++++ THE DATA

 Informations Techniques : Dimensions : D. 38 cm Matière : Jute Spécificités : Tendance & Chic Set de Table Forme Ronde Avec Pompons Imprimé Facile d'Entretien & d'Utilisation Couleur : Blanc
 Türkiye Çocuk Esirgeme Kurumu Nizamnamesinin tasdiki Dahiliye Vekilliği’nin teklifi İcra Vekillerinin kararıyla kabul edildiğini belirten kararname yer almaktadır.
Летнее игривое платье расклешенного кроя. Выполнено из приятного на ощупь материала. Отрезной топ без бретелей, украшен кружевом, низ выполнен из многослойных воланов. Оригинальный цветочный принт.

++++++++
++++ THE DATA

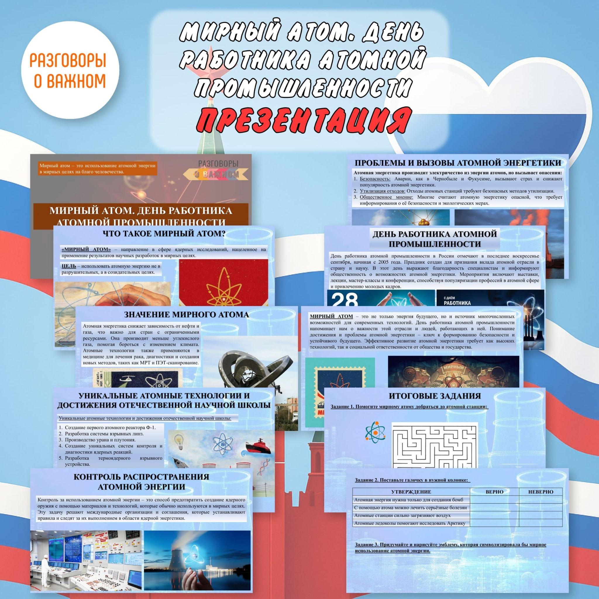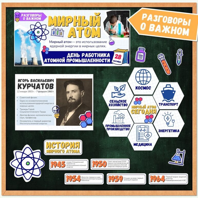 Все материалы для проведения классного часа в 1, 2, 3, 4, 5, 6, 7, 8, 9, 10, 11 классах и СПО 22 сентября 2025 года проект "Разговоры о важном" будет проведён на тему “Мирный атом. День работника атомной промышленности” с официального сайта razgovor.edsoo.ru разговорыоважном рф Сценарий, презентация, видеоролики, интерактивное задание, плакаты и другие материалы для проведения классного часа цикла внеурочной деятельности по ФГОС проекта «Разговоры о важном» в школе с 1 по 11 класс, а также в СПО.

++++++++
++++ THE DATA

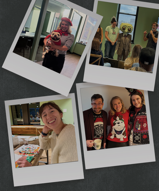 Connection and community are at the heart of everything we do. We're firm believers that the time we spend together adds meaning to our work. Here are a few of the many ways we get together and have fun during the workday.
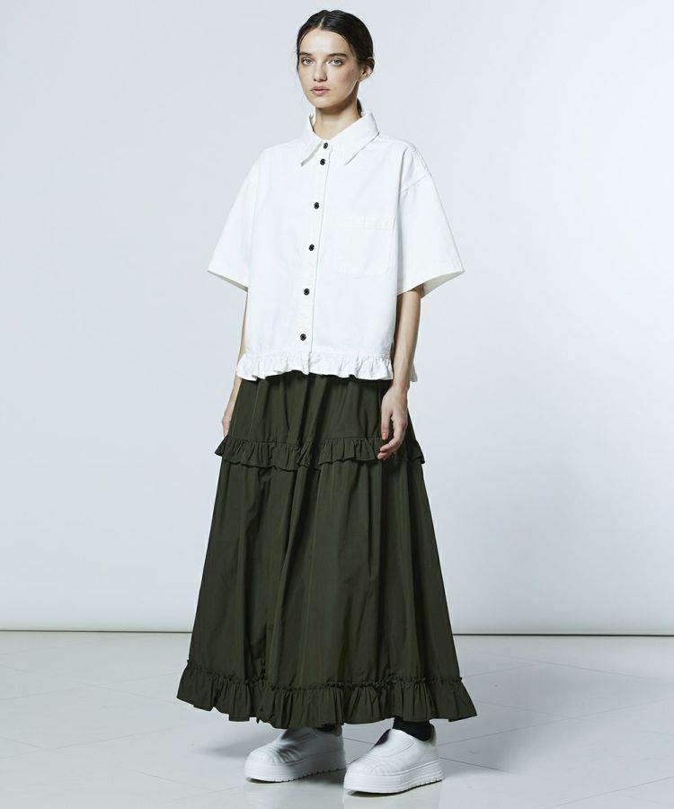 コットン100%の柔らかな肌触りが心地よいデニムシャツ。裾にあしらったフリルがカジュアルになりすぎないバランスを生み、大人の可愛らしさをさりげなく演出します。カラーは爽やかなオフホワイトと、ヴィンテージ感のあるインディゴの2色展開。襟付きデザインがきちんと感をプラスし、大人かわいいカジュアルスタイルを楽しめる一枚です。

++++++++

** WHAT YOU SHOULD DO **
Of all the entries above, output exactly the lines between the one holding "Türkiye Çocuk Esirgeme" and the one holding "Летнее игривое платье", inclusive.

** ANSWER SPACE **
 Türkiye Çocuk Esirgeme Kurumu Nizamnamesinin tasdiki Dahiliye Vekilliği’nin teklifi İcra Vekillerinin kararıyla kabul edildiğini belirten kararname yer almaktadır.
Летнее игривое платье расклешенного кроя. Выполнено из приятного на ощупь материала. Отрезной топ без бретелей, украшен кружевом, низ выполнен из многослойных воланов. Оригинальный цветочный принт.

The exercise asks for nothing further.